Prison for the highly gifted
All prisoners are lined up in a row with a clear starting point, each prisoner facing the back of the prisoner in front of him/her.
Each prisoner gets an arbitrarily chosen hat which can be either black or white; they do not know the colour of their own hat.
They can only see the colour of the hats of all inmates in front of them (they have a telescopic vision of unseen caliber).
Starting with the first prisoner (which can see all other inmates), the guards ask him/her to name the colour of his/her hat.
If the prisoner is correct, freedom is given to him/her.
If the prisoner is incorrect, the guards shoot him/her.
Either way, the guards walk up to the next prisoner and repeats the process.
The prisoners are forbidden to communicate with each other in any way during the experiment.
When asked the question, they may only answer with "black" or "white".

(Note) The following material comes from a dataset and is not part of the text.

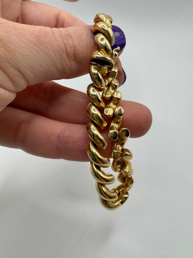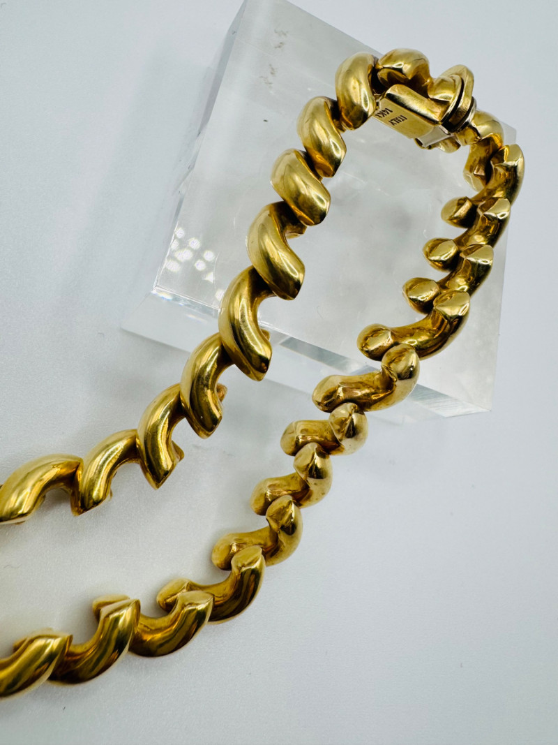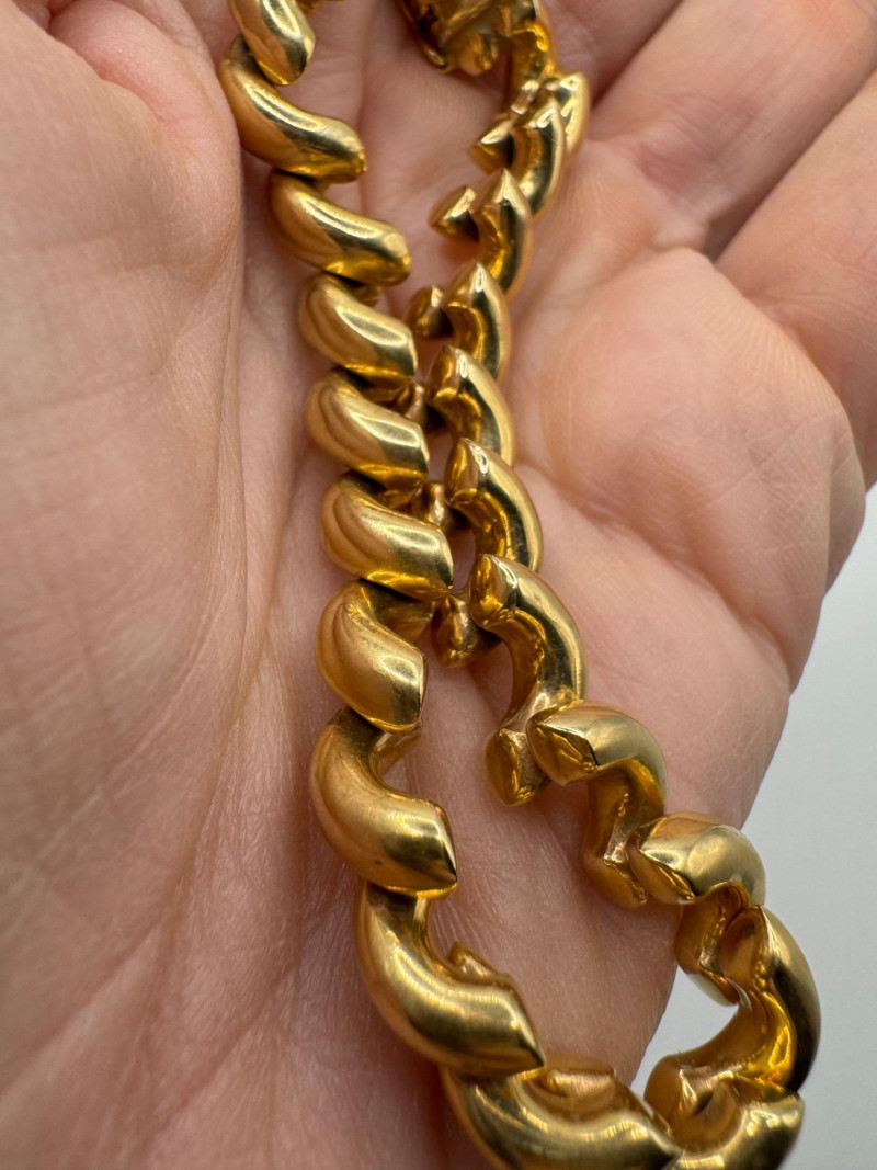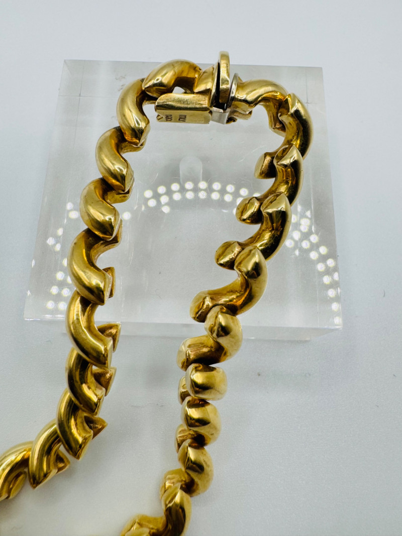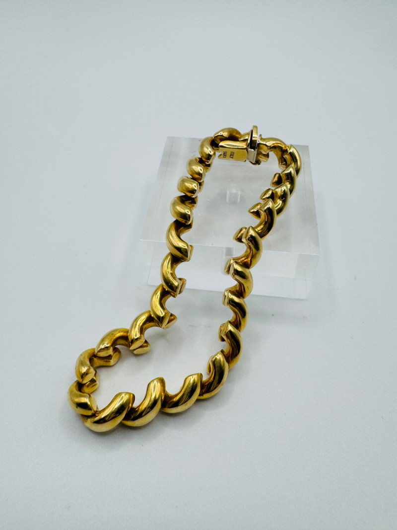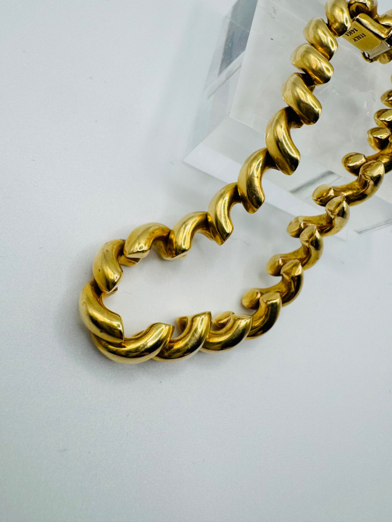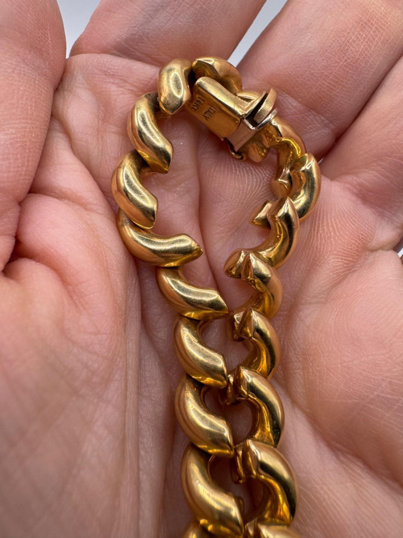 14K Italian Marconi Link Gold Bracelet – 7.25” – 17.04g. Marked “Italy 14K”, verified with acid test Weight: approx. 17.04 grams Length: 7.25 inches Features a distinctive Marconi-style twisted link design

Before the whole experiment starts, the prisoners are given time to come up with a strategy together.
What strategy can they use, such that only a finite number of prisoners gets killed?
All possible distributions of hats can be seen as elements of the set of rows with elements over the field \(\mathbb{F}_2\), i.e. the set \(\mathbb{F}_2^\mathbb{N}\). Define an equivalence relation on these elements: \((x_n)_n \sim (y_n)_n\) if and only if there exists an \(N \in \mathbb{N}\) such that \(x_n = y_n\) for all \(n \geqslant N\). Using the infamous axiom of choice, each prisoner can remember a representative for each such equivalence class. Then, looking at the row of prisoners in front of him/her, the prisoner can derive to which equivalence class their hat distribution belongs and call the colour of his/her hat according to the corresponding class representative. In this way, it is possible that a finite number of prisoners will die, but, eventually, the hat distribution will match the class representative.
Note that we are not limited to two colours, but can even use a countable infinite number of colours.